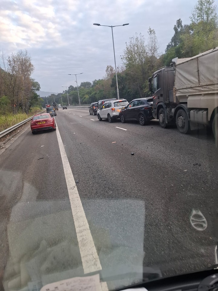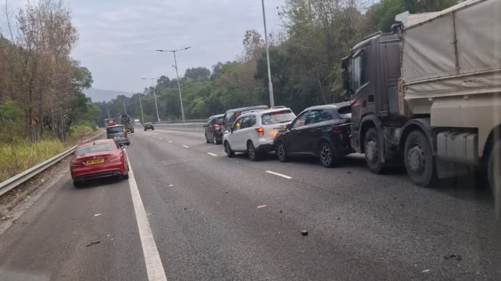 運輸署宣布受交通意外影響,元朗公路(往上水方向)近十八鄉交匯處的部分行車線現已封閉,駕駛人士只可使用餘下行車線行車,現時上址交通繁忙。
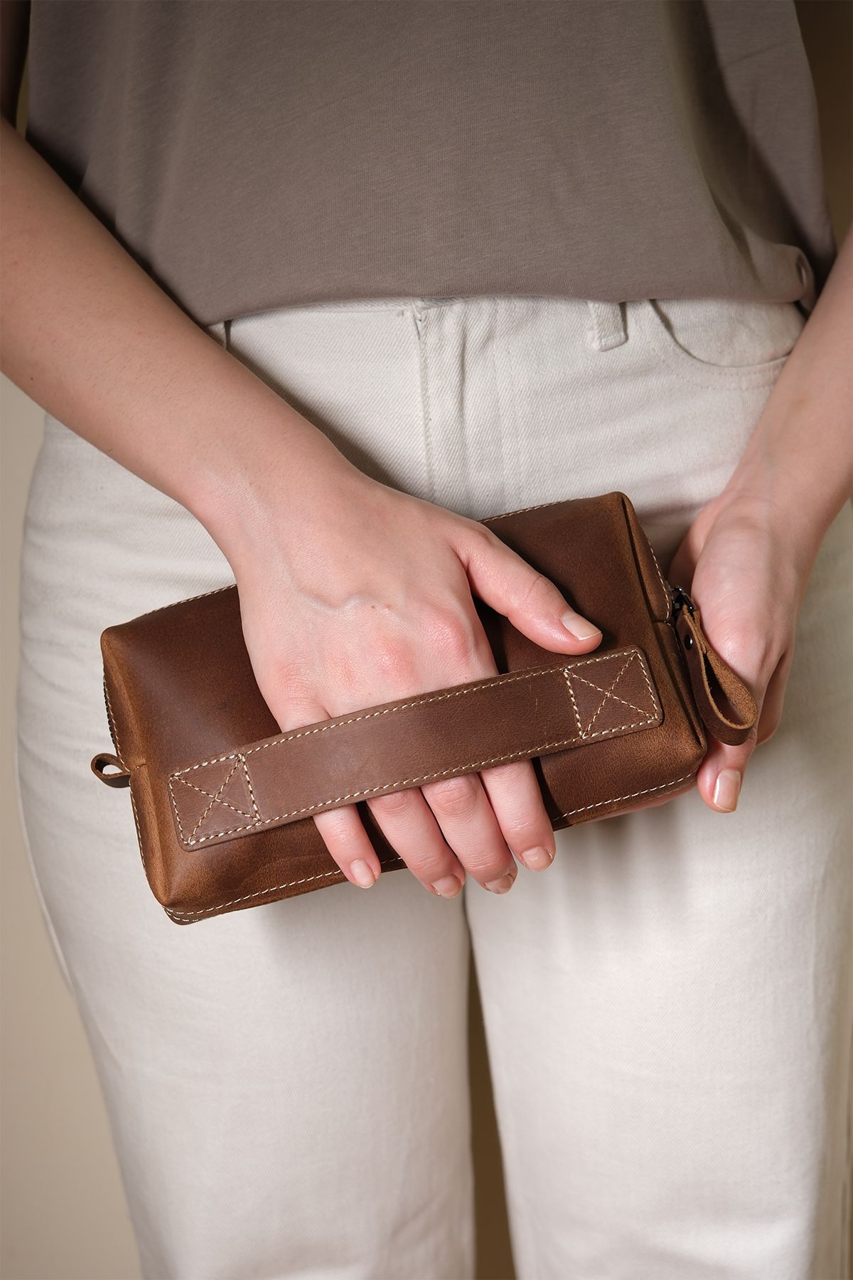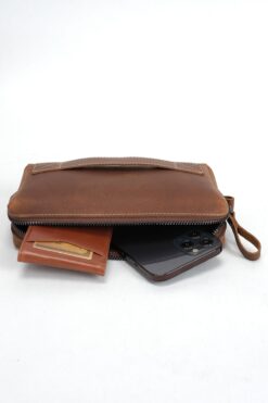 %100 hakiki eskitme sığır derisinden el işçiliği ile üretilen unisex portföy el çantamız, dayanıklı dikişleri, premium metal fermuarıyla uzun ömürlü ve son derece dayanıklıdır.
^^^^^^^^
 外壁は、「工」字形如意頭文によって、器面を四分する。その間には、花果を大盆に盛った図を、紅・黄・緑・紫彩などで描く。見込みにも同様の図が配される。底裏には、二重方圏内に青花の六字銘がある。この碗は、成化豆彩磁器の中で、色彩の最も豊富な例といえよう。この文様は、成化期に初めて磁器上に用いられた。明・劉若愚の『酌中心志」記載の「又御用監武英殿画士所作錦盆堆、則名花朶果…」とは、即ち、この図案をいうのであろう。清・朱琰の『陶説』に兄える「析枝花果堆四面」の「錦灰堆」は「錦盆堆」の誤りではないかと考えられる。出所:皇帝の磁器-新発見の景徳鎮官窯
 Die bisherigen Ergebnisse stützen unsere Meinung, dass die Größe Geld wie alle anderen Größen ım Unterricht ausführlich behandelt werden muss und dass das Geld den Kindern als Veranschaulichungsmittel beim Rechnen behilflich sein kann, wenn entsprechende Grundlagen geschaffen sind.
^^^^^^^^
Task goal ->
Both boundary lines included, write out word for word only the lines above from the one containing "運輸署宣布受交通意外影響,元" to the one containing "son derece dayanıklıdır.", leaving out any pictures.

Solution for this task ->
 運輸署宣布受交通意外影響,元朗公路(往上水方向)近十八鄉交匯處的部分行車線現已封閉,駕駛人士只可使用餘下行車線行車,現時上址交通繁忙。
 %100 hakiki eskitme sığır derisinden el işçiliği ile üretilen unisex portföy el çantamız, dayanıklı dikişleri, premium metal fermuarıyla uzun ömürlü ve son derece dayanıklıdır.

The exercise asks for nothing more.